B. Mercados municipais

Em paralelo aos espaços “elegantes” e representativos das praças do palácio e da catedral, descritos anteriormente, é edificado a partir da década de 20 o Mercado Modelo, batizado posteriormente com o nome de Antonio Franco, no extremo oposto da cidade, em direção ao Bairro Industrial, uma região mais “popular”. Apesar de ser um mercado de abastecimento, antes de ser um lugar para diversas classes sociais, em seu início ele toma contornos de um espaço também elitista, provavelmente por ser ainda novidade. Lima (2002, p. 96) menciona o jornal Gazeta do Povo que define o mercado como “centro de diversão da elegante família sergipana” e um depoimento pessoal, agora contemporâneo, de uma testemunha da época61

que o define como “um dos precursores dos shopping centers”, onde noites e tardes dançantes aconteciam “animadas por conjuntos de jazz-band”. Além disso, “durante a noite seus passeios, bonitos e bem claros, serviam de passarelas para o passeio das famílias sergipanas, que ali realizavam uma espécie de retreta”.

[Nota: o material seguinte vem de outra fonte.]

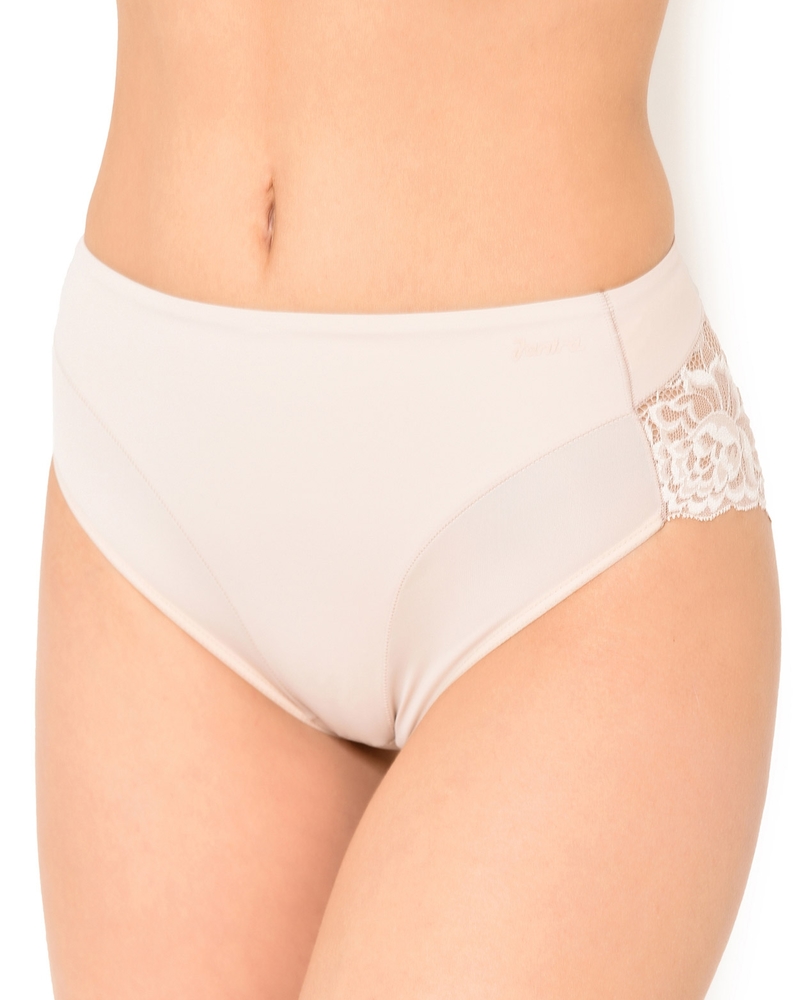 Трусики слипы молочного цвета, со средней линией талии и средним боком. Передняя деталь выполнена из гладкого эластичного полотна с микрофиброй, задняя - из эластичного кружевного полотна с цветочным рисунком, за счет специального кроя, мягко обхватывающим и приподнимающим ягодицы, образуя эффект «танга». Верхний срез и срез проймы передней детали обработан плоским швом. Срез проймы задней детали кружевной.

As condições para o surgimento de um espaço público “vivo” nessa região já surgem na década anterior, com a construção da estrada de ferro (inaugurada em 1914) vinda do interior e da estação ferroviária localizada no início da atual Avenida Coelho e Campos e nas proximidades do porto (figura 14). No entorno da pequena estação surge um ambiente de feira, pois a ferrovia passa a competir com o transporte fluvial na ligação entre a capital e o interior, trazendo produtos agrícolas para comercialização na capital.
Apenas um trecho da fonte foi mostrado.